Utópica

Tenho a ligeira impressão de que vivo presa à contradição.
Adentro a noite sem fechar os olhos, nego a razão e devaneio em vão.
Muralhas de desejo e medo se erguem lado a lado, e eu almejo que caiam.
Iam então, sem pressa alguma, encarar a realidade insólita, os fatos e os contos.
Rasgo os mapas e de seus pedaços faço confete, acredito no improvável e não me rendo ao óbvio escancarado.
Idealizo, com fascínio, o toque e o gosto, e incontáveis vezes me contento em silêncio.

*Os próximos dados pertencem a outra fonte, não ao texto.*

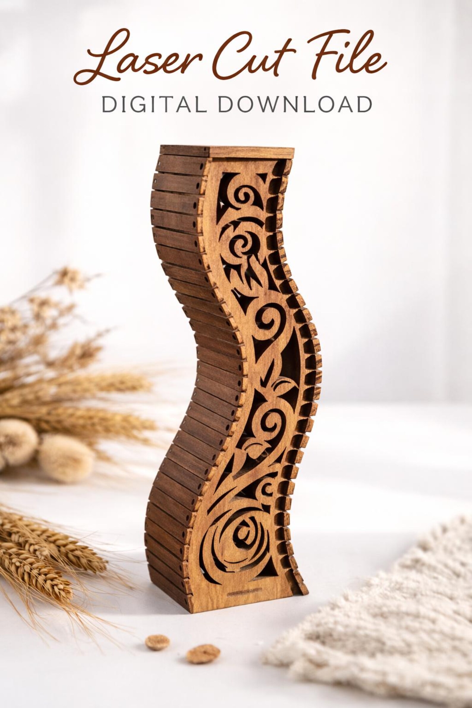 Este elegante jarrón floral curvo ha sido diseñado para destacar la belleza natural de la madera a través de líneas onduladas y un ensamblaje limpio. Es una pieza decorativa moderna, ideal para talleres de corte láser que buscan ofrecer productos diferenciados, decorativos y de alta rotación.

Sob o céu enegrecido, ao contemplar o brilho da lua, sustento no face, a alegria do peito.

Anti-herói

Pairam sobre meus olhos lembranças incertas, embaçadas feito sujeira na janela que por muito tempo estiveram escondidas sob densas cortinas de determinação.
Engoli seco o que me veio a boca, não foi amargura, era a mais doce tristeza.
Senti a traqueia se comprimindo e os pulmões pareceram se encolher no peito.
Por um momento, também senti o coração parar de bater.
Meus dedos se atraíram feito ímãs invertidos e não consegui disfarçar a inquietação, quase pude prever minha tez desfalecendo, os ombros se rebaixando, o caimento dos olhos e uma curva se formando em meus lábios. Mas ali, naquele momento, tive certeza de que o monstro é real. E apesar do pavor que me causa, eu quero enfrentá-lo.
Mas não posso, não sei lutar, não tenho armas e muito menos superpoderes.

É preciso fugir.  

Sedentarismo?

Escrever é um exercício de força.
É preciso pegar pesado com palavras de todos os pesos e calões e transpirar emoções pelos poros inócuos da banalidade das linhas paralelas que se preenchem com o mesmo entusiasmo de uma criança que olha para fora da janela do ônibus sem se preocupar com as curvas do caminho, enquanto a bioquímica, reage em cada célula lipossubstituída pelo tédio a transformando em um pequeno condutor de serotonina.
É preciso atrofiar as ideias vulgares e anabolizar os pensamentos excêntricos.
Escrever é se livrar daquilo que se tenta esconder sobre vestido curtos, canções doces e relacionamentos rasos.
Escrever é ter objetivos tão efêmeros quando fugazes a reluzirem aos olhos de quem lê.
Escrever é tomar um banho frio nas águas da imaginação.
É sentir câimbras nas mãos agitadas e carregar com orgulho toda a academia nas costas; lápis de esforço, esteira de borracha, anilhas esferográficas, sem jamais se esquecer da dose de way de inspiração.

Escrever é para os fortes de espírito.
Para os fracos de artigo.
E também para aqueles que apenas almejam entre verbos e preposições um adjetivo quase inalcançável proposto por uma oração de quem sabe falar mas não ousa fazer.